PROBLEM DETAILS: Without including any image, retype the records word for word.

Records excerpted from a collection:

* * * * * * * * *

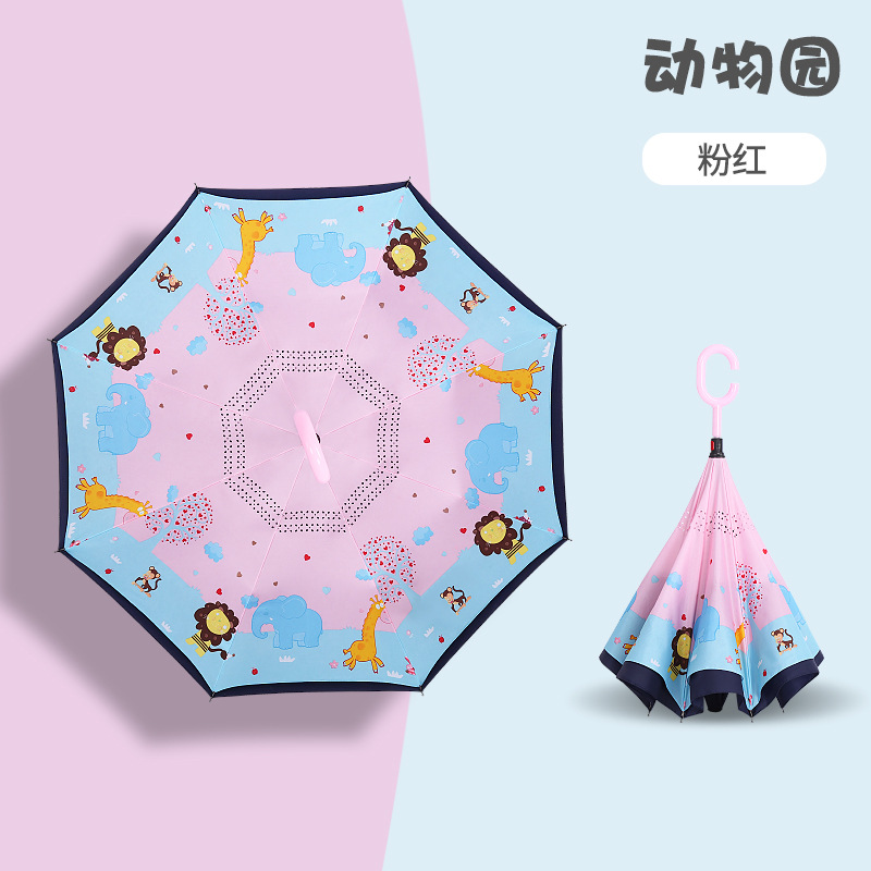 초등학생용 만화 캐릭터 우산, 이중 C형 역방향 어린이 우산, 로고 인쇄, 자외선 차단스토어 가기
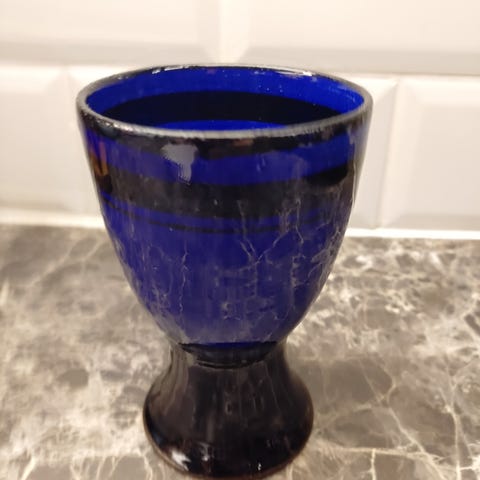 Keramiker Carl Olaf Olsen har laget de 5 krusene med hank i nyanser fra blått til brunt. keramikk Krusene er håndlaget med varierende blå glasur utvendig og lys, spraglet glasur innvendig. De har kun stått til pynt, men egner seg godt til servering av varme og kalde drikker til frokost, lunsj, kvelds eller en kaffestund med sitt enkle, funksjonelle og vakre utseende.
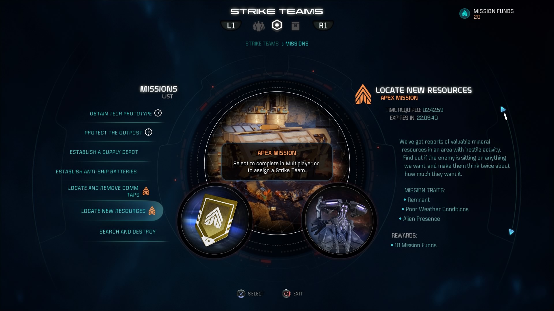 Moreover, you can use “Team Funds”, which are also earned from the Apex missions, to either buy loot packs for your multiplayer campaign or to buy modifiers that increase Apex mission success rates.
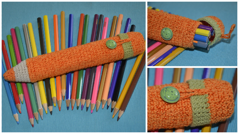 Кончик карандаша слегка набивается и делается донышко, т.е отточенные карандашики упираются в мягкое. Крышечка мягкая (сзади пришивается), одевать удобно. Вязала крючком 1,5 чтобы поплотнее вышло.
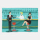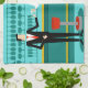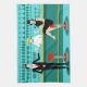 Every hour is happy hour with this Retro Cocktail Lounge Kitchen Towel. The mid century modern design features a vibrant, 1960's style, minimalist, cartoon drawing of a classy, cocktail bar. Against the backdrop of an aqua wall, we can see rows of drink glasses. At least we can see the teal silhouettes of drink glasses. Judging from the shapes of the stemware, this bar is well equipped to wet your whistle, whatever your drink preference. A most competent and personable bartender is manning the teal bar with yellow accents. The young barkeep is wearing a pristine, white shirt with black bow tie. His fresh-faced good looks, blonde hair and black hipster glasses give us every reason to believe that he either spends his days as a struggling actor or a superhero. In one hand, the handsome mixologist is handing a martini to a customer on the opposite side of the bar. The waiting customer is a broad-shouldered gentleman in a black suit and red tie. He's the sort of fellow who is described as tall, dark, and handsome even when it's still hours until closing time. There seems to be a red and chrome bar stool with Mr. Debonair's name on it. Yet, not to be presumptuous, he asks the question, "Pardon me. Is this seat taken?" He is asking the raven haired gal on the neighbouring bar stool. She's a real "girl next door" type, if you happen to live next door to a flawless beauty with a figure that won't quit. She is wearing a black dress and holding a martini in one hand. She's hoping that she and the approaching gentleman have more in common that their drink preference and choice of wardrobe colour. It looks like this evening just got interesting. Cheers to you!

* * * * * * * * *

PROBLEM SOLUTION:
 초등학생용 만화 캐릭터 우산, 이중 C형 역방향 어린이 우산, 로고 인쇄, 자외선 차단스토어 가기
 Keramiker Carl Olaf Olsen har laget de 5 krusene med hank i nyanser fra blått til brunt. keramikk Krusene er håndlaget med varierende blå glasur utvendig og lys, spraglet glasur innvendig. De har kun stått til pynt, men egner seg godt til servering av varme og kalde drikker til frokost, lunsj, kvelds eller en kaffestund med sitt enkle, funksjonelle og vakre utseende.
 Moreover, you can use “Team Funds”, which are also earned from the Apex missions, to either buy loot packs for your multiplayer campaign or to buy modifiers that increase Apex mission success rates.
 Кончик карандаша слегка набивается и делается донышко, т.е отточенные карандашики упираются в мягкое. Крышечка мягкая (сзади пришивается), одевать удобно. Вязала крючком 1,5 чтобы поплотнее вышло.
 Every hour is happy hour with this Retro Cocktail Lounge Kitchen Towel. The mid century modern design features a vibrant, 1960's style, minimalist, cartoon drawing of a classy, cocktail bar. Against the backdrop of an aqua wall, we can see rows of drink glasses. At least we can see the teal silhouettes of drink glasses. Judging from the shapes of the stemware, this bar is well equipped to wet your whistle, whatever your drink preference. A most competent and personable bartender is manning the teal bar with yellow accents. The young barkeep is wearing a pristine, white shirt with black bow tie. His fresh-faced good looks, blonde hair and black hipster glasses give us every reason to believe that he either spends his days as a struggling actor or a superhero. In one hand, the handsome mixologist is handing a martini to a customer on the opposite side of the bar. The waiting customer is a broad-shouldered gentleman in a black suit and red tie. He's the sort of fellow who is described as tall, dark, and handsome even when it's still hours until closing time. There seems to be a red and chrome bar stool with Mr. Debonair's name on it. Yet, not to be presumptuous, he asks the question, "Pardon me. Is this seat taken?" He is asking the raven haired gal on the neighbouring bar stool. She's a real "girl next door" type, if you happen to live next door to a flawless beauty with a figure that won't quit. She is wearing a black dress and holding a martini in one hand. She's hoping that she and the approaching gentleman have more in common that their drink preference and choice of wardrobe colour. It looks like this evening just got interesting. Cheers to you!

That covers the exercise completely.